Discriminating the HTM and MLRSM models in collider studies via doubly charged Higgs boson pair production and the subsequent leptonic decays

TL;DR

This study compares the production and decay signatures of doubly charged Higgs bosons in two models, HTM and MLRSM, highlighting how their different parameters influence collider signals and potential for model discrimination.

Contribution

It provides a detailed analysis of doubly charged Higgs boson pair production in both models, showing how decay patterns and signal strengths differ, aiding experimental differentiation.

Findings

MLRSM signals are generally an order of magnitude larger than HTM.

Distinct decay branching ratios lead to different four-lepton signatures.

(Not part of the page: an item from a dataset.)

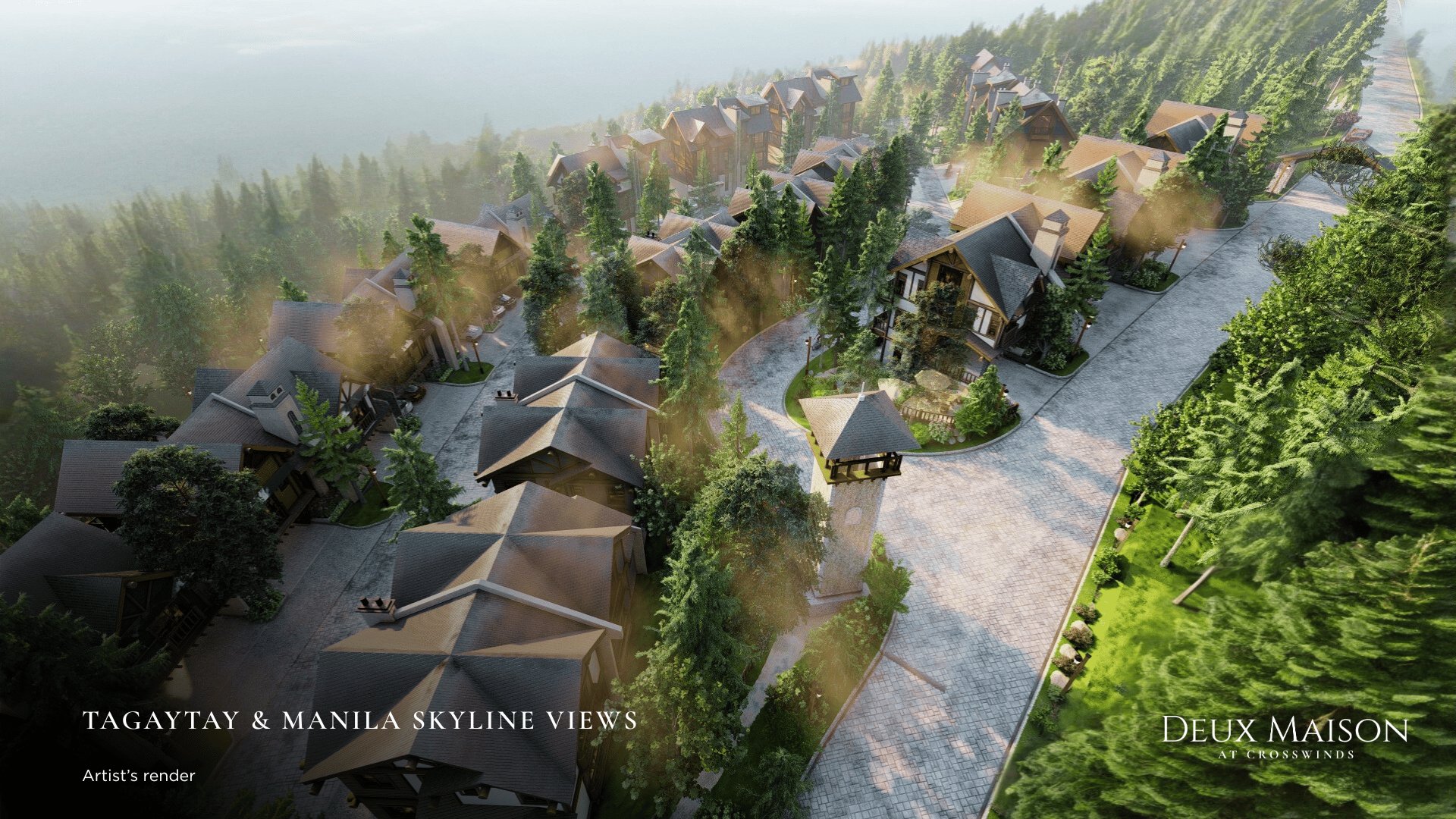 Set within a breathtaking community of over 35,000 pine trees, each residence is embraced by cool mountain air and a serene forest environment. Designed with sloping roofs, expansive windows, and nature-inspired finishes, every home captures panoramic views of Tagaytay and the Metro Manila skyline, offering a living experience that is both tranquil and inspiring.

Detectable signals at HL-LHC and FCC-hh are predicted for 1 TeV Higgs masses.

Abstract

We present a case study for the doubly charged Higgs bosons $H^{\pm\pm}$ pair production in $e^+e^-$ and $pp$ colliders with their subsequent decays to four charged leptons. We consider the Higgs Triplet Model (HTM) not restricted by the custodial symmetry and the Minimal Left-Right Symmetric Model (MLRSM). The models include scalar triplets with different complexity of scalar potentials and, due to experimental restrictions, completely different scales of non-standard triplet vacuum expectation values. In both models, a doubly charged Higgs boson $H^{\pm\pm}$ can acquire a mass of hundreds of gigaelectronvolts, which can be probed at HL-LHC, future $e^+e^-$, and hadron colliders. We take into account a comprehensive set of constraints on the parameters of both models coming from neutrino oscillations, LHC, $e^+e^-$ and low-energy lepton flavour violating data and assume the same mass of $H^{\pm\pm}$. Our finding is that the $H^{\pm\pm}$ pair production in lepton and hadron colliders is comparable in both models, though more pronounced in MLRSM. We show that the decay branching ratios can be different within both models, leading to distinguishable four lepton signals and that the strongest are $4\mu$ events yielded by MLRSM. Typically we find that MLRSM signals are one order of magnitude larger that in HTM. For example, the $pp \to 4\mu$ MLRSM signal for 1 TeV $H^{\pm \pm}$ mass results in a clearly detectable significance of $S \simeq 11$ for HL-LHC and $S \simeq 290$ for FCC-hh. Finally we provide quantitative predictions for the dilepton invariant mass distributions and lepton separations which help to identify non-standard signals.